A caminhada até a casa da madrinha da banda, na Prainha, região central da cidade, anunciava o fim do cortejo. “A gente passa aqui na casa da nossa madrinha, para ser abençoados. Isso simboliza a nossa união”, conta Leonardo Osório Nunes dos Santos, conhecido como mestre Naio, após receber a benção de Dealdina Salles, a guardiã do mastro de Nossa Senhora da Penha.
“Era pra ser Guarará, não era pra ser congo”
O congo é uma manifestação cultural e religiosa que surge do sincretismo religioso e da mistura de culturas ocorrida no Brasil durante o período colonial. Originalmente, era uma dança indígena chamada Guarará, que passou a ser praticada por escravizados africanos que buscavam refúgio nas aldeias indígenas após fugirem das fazendas.
Já o sincretismo religioso presente nessa cultura é resultado das estratégias dos povos escravizados para professarem sua fé, já que eram catequizados e obrigados a tocar congo em homenagem aos santos católicos, como Nossa Senhora do Rosário e São Benedito.
Na tentativa de fugir dos capitães do mato, os escravizados que percorriam as matas, encontravam refúgio nas aldeias indígenas, que eram locais dificilmente acessados por esses capitães. Por isso, era comum encontrar nessas aldeias uma mistura do Guarará e das manifestações religiosas afro-brasileiras.

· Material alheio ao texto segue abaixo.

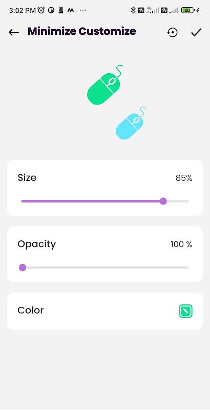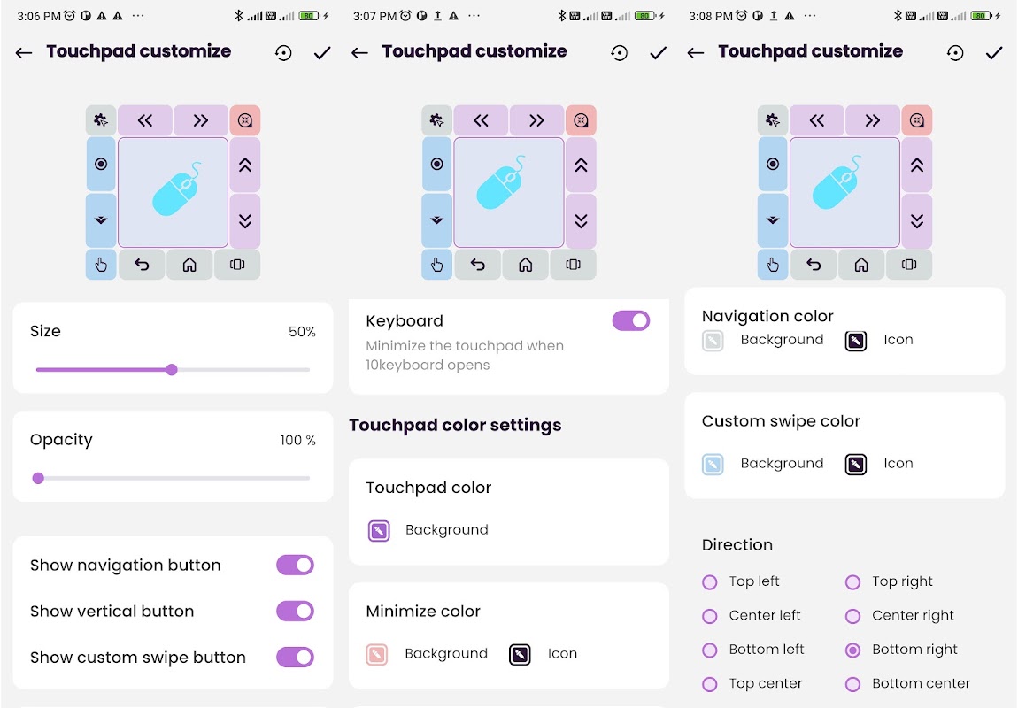 - Option pour modifier la taille et l'opacité du pavé tactile minimisé.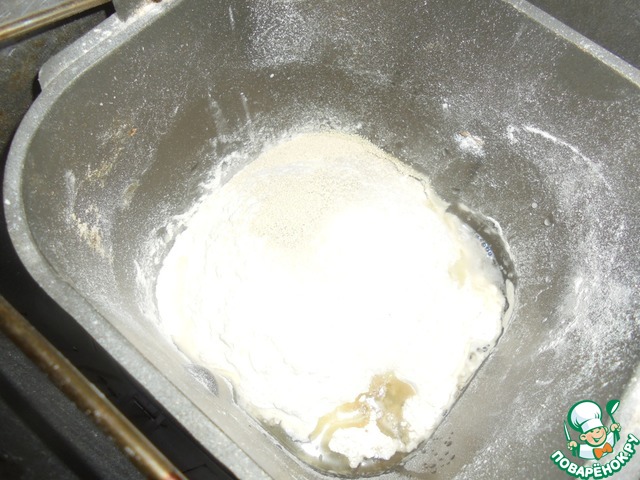 Для теста в чашу хлебопечки выложите ингредиенты в следующей последовательности-в ода, растительное масло, мука, соль, сахар, дрожжи Саф-момент. Включите режим тесто.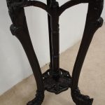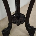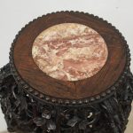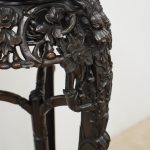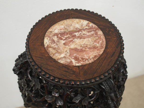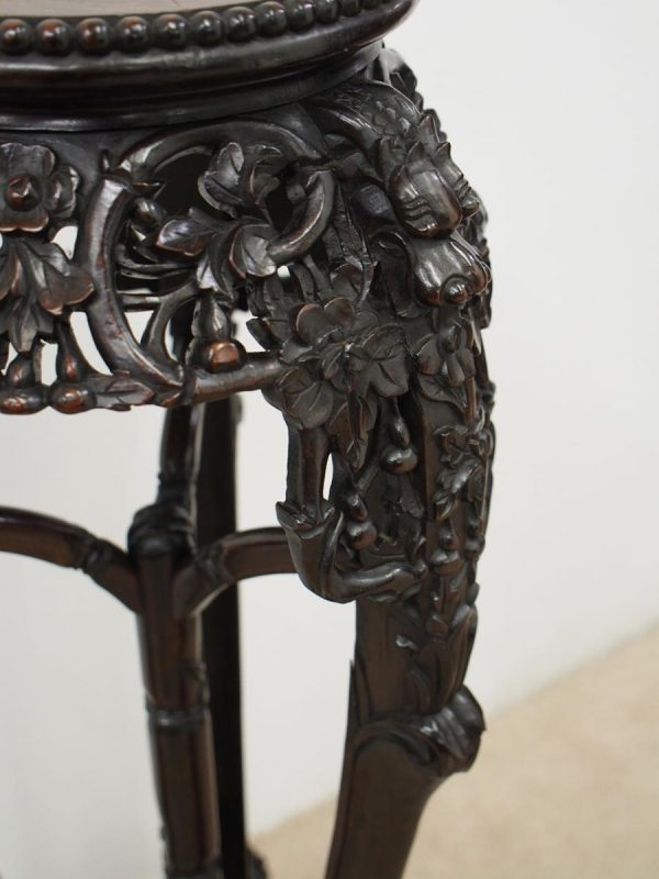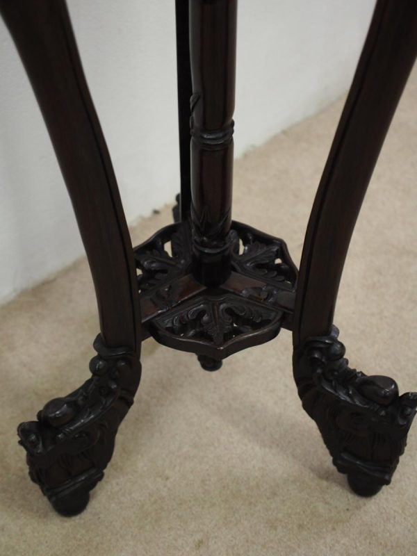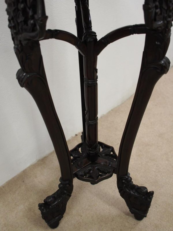 Circa 1900, Chinese hongmu marble top plant stand. The top fore-edge has full relief beading, with a carved apron and an unusual 3 legs with carved dragon heads and open fretwork to the quarter blocks. There are 3 faux bamboo legs leading on to the central stem (also faux bamboo), with a small shelf and finishing on carved dragon design bun feet.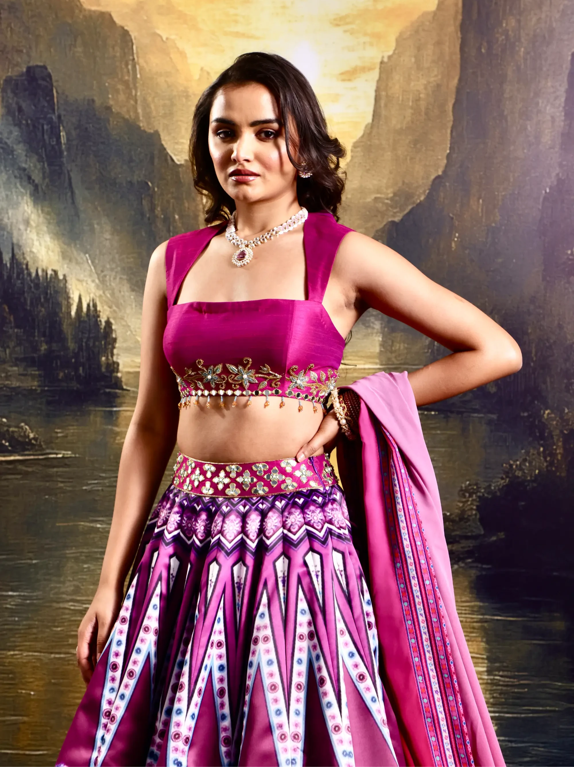 Pink satin printed lehenga with a hand-embroidered blouse & dupatta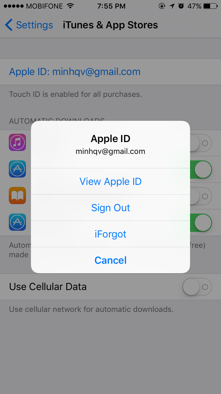 Chọn tài khoản Apple ID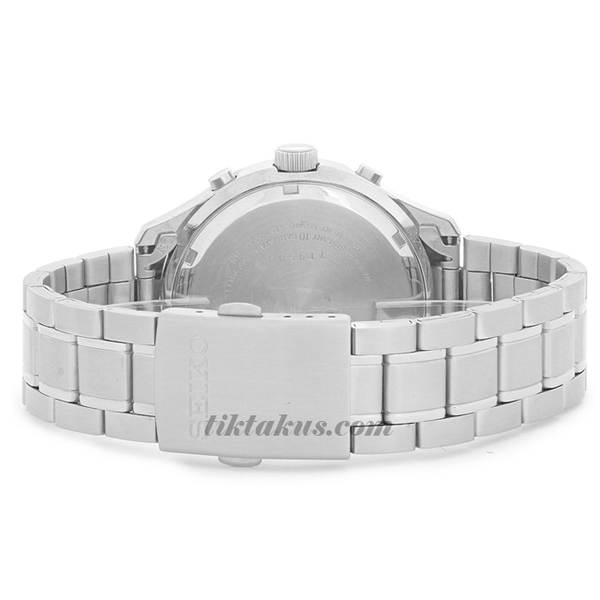 Seiko có độ chống nước 100m (330 feet) giúp bạn yên tâm sử dụng khi đi bơi, đi mưa mà không hề lo ngại đồng hồ ngấm nước. Dây đeo cũng được làm từ thép không gỉ tỉ mỉ. Móc gập chắc chắn, có in dập logo Seiko tinh tế.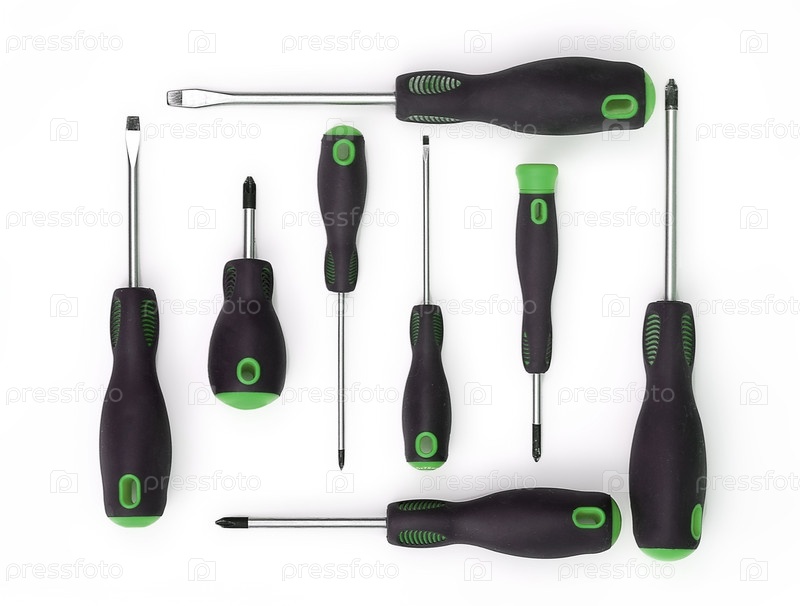 Ручные инструменты для ремонта и установки: отвертка Изолированный на белом фоне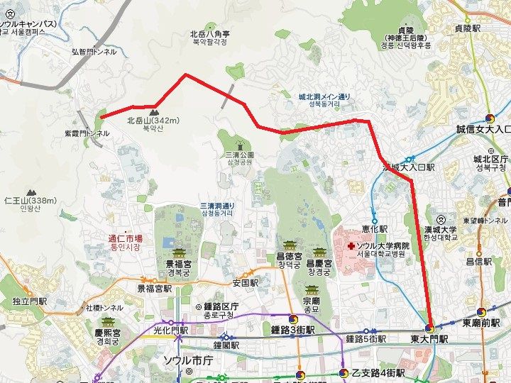 【ソウル城郭巡り 新羅ホテル、奨忠体育館付近→臥龍公園コース(恵化門から臥龍公園まで)】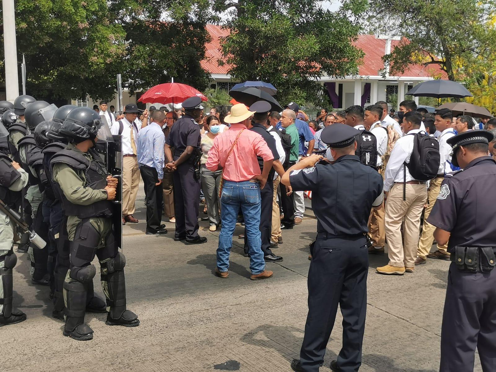 Después del acto cívico del día lunes, los padres de familia presentes salieron en una manifestación con estudiantes y docentes hasta los predios de la vía Interamericana, donde fueron interceptados por unidades de Control de Multitudes de la Policía Nacional.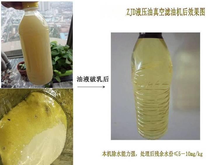 :本機(jī)處理后的油品乳化值低,含水量極少,雜質(zhì)精度高,完全可以在國內(nèi)外高液壓、潤滑設(shè)備中重新反復(fù)使用。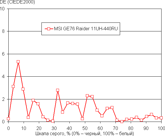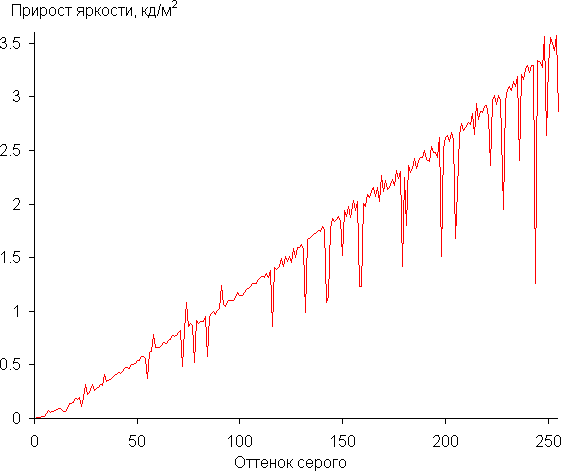 Далее мы измерили яркость 256 оттенков серого (от 0, 0, 0 до 255, 255, 255) при выбранном профиле Игрок. График ниже показывает прирост (не абсолютное значение!) яркости между соседними полутонами: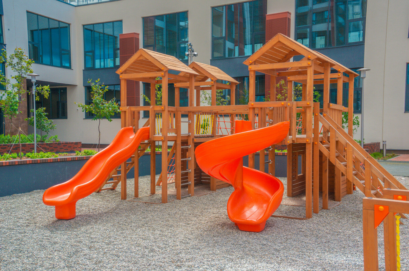 Для детей. Во дворе обустроены детские игровые комплексы из натуральной лиственницы. Покрытие на площадках выполнено из морской гальки.

“Tudo foi imposto pelos brancos portugueses, porque os escravizados tinham as religiões deles de matriz africana e os indígenas de origem indígena”, afirma o mestre Naio. Foi o sincretismo que permitiu que esses povos preservassem suas tradições ancestrais no Brasil colonial.
A pesquisadora Elvira Cerniavskis, em seu trabalho intitulado “Congo: fé ou festa? Eis a questão!”, destaca que o sincretismo religioso não se limitou à sobrevivência individual da fé, mas também fomentou a união e o intercâmbio entre diferentes grupos étnicos africanos. Compartilhando um sistema de crenças adaptado, esses grupos conseguiram fortalecer seus laços e preservar suas raízes culturais de forma coletiva. No Espírito Santo, as festas de São Benedito acontecem em diversas cidades do estado, no mês de dezembro, que era o período em que os senhores de engenho se deslocavam com os escravizados para celebrar o natal em Serra-sede.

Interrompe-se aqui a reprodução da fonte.